= Karl H. Müller =

Austrian social scientist

Karl H. Müller (born 1953) is an Austrian social scientist, and director of the Steinbeis Transfer Center New Cybernetics in Vienna. He is particularly known for his 2005 work with J. Rogers Hollingsworth on "Advancing Socio-Economics: An Institutionalist Perspective"

== Life and work ==
Müller obtained his MA and PhD degree in philosophy and economics during his studies at the University of Graz, the University of Pittsburgh, the University of Vienna and the University of Bologna from 1972 to 1983.

Müller began his academic career in 1984 at the Institute for Advanced Studies (IHS) in Vienna, where from 1997 to 2001 he chaired the Departments of Political Science and Sociology, and from 2001 to 2014 the Wiener Institute for Social Science Documentation and Methodology (WISDOM). Since 2014 he is director of the Steinbeis Transfer Centre New Cybernetics in Vienna and is also President of the Heinz von Foerster Society.

Müller's research interests are "complex modeling in the social sciences, new science of cybernetics and renewals of radical constructivism, potential interdisciplinary and transdisciplinary research... in the field of economy, science and society."

== Selected publications ==
- Hollingsworth, Joseph Rogers, Karl H. Müller, Ellen Jane Hollingsworth (2005) Advancing Socio-Economics: An Institutionalist Perspective. Lanham, Maryland: Rowman & Littlefield Publishers.
- Albert Müller and Karl H. Müller (eds.) An Unfinished Revolution?

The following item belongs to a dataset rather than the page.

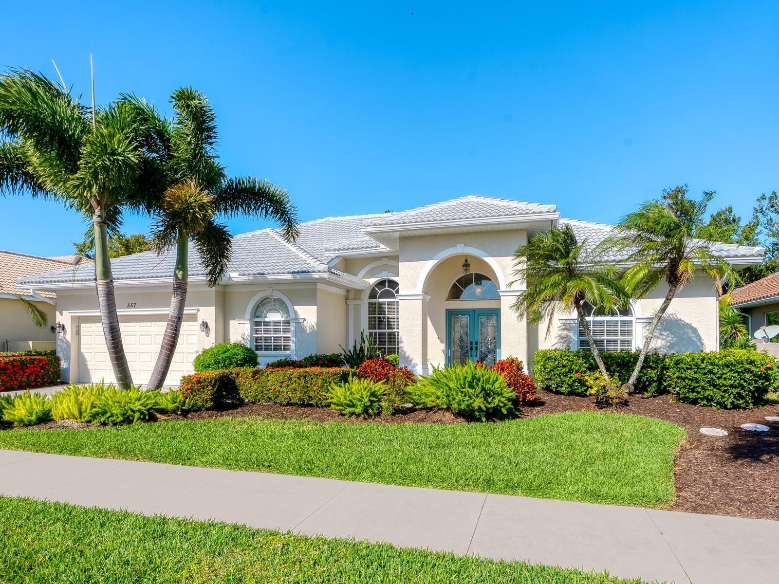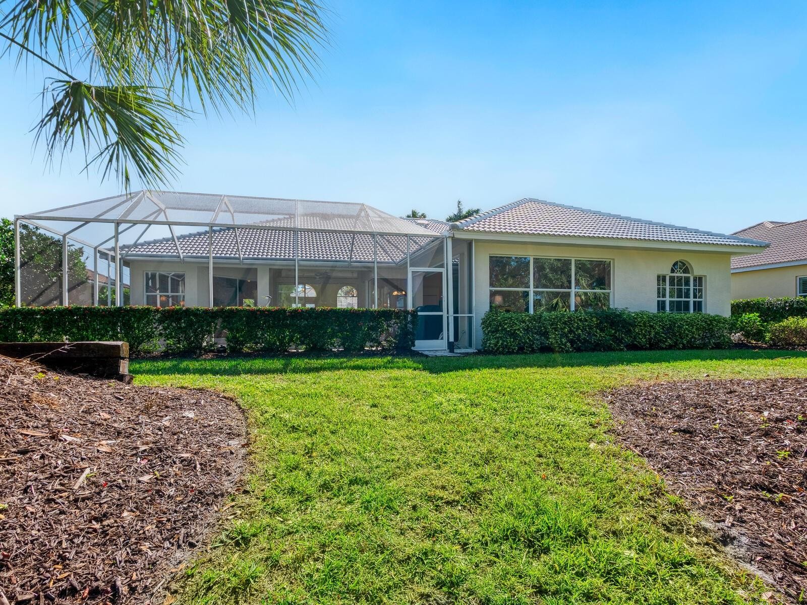 This stunning Sawgrass Aruba III model offers an incredibly spacious and timeless design, featuring a sought-after floor plan. Restyled kitchen December 2025 to include new stainless appliances and stylish quartz counters. With new roof installed in 2024 and a new air-conditioning system from 2022, this custom J&J home is ideal for those seeking comfort and style. Overlooking a picturesque blend of golf greens, Curry Creek and mature trees, the property boasts a large, heated pool, making it an ideal retreat. Being sold turnkey furnished, this home allows you to start enjoying the Florida lifestyle immediately. Breathtaking views from living and family rooms. The layout includes three generous bedrooms, two full baths, and a den/office, all designed in a fabulous split plan to maximize privacy. Stately vaulted ceilings enhance the feeling of openness, while a neutral palette creates an energizing yet tranquil atmosphere. Unique architectural details such as detailed arches, crown molding, transom windows, and a built-in entertainment system add character and charm. The well-appointed kitchen features inspiring views, a breakfast bar, a center island and white cabinetry, making it a delightful space for cooking and entertaining. The owners’ suite serves as a serene oasis, overlooking the pool, complete with double-glass entry doors, a walk-in closet and a luxurious bath with dual sinks, a walk-in shower, a separate toilet and a large bathtub. Outdoor living spaces are as inviting as the interior, offering multiple sitting areas for relaxation and enjoyment. Just minutes from downtown Venice, beaches and Legacy Trail, Sawgrass is a gated community that provides a clubhouse, a 70-foot heated pool, a fitness center, four pickleball courts and optional golf, all with low HOA fees and no CDD fee.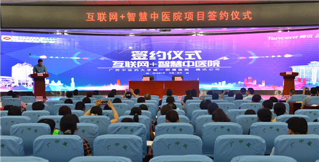 7月24日,一附院与腾讯公司“互联网+智慧中医院”项目签约仪式在一附院住院综合楼5楼学术厅举行,这标志着广西首家“互联网+智慧中医院”及“广西中医药发展联合体网络信息平台”正式落户一附院。自治区中医药管理局副局长陈赤,一附院院长谢胜、党委书记桂雄斌,腾讯公司西南片区总经理潘华,以及我一附院党政班子其他成员,腾讯公司及其合作公司领导,紧密型医联体单位领导,我一附院全体中层干部300余人共同见证了签约及项目启动仪式。仪式上,谢胜院长和潘华总经理分别进行了致辞,腾讯公司顾问雷舜东博士和张灵丽教授分别进行了授课。签约启动仪式由我院桂雄斌书记主持。

Heinz von Foerster and the Biological Computer Laboratory BCL 1958–1976. Vienna, Austria: edition echoraum. 2007.
- Karl H. Müller (2008), The New Science of Cybernetics. The Evolution of Living Research Designs, vol. I: Methodology. Vienna, Austria: edition echoraum.

Articles, a selection:
- Mueller, K. "Towards a General Methodology for Second-Order Science." Systemics, Cybernetics And Informatics 12.5 (2014): 33-42.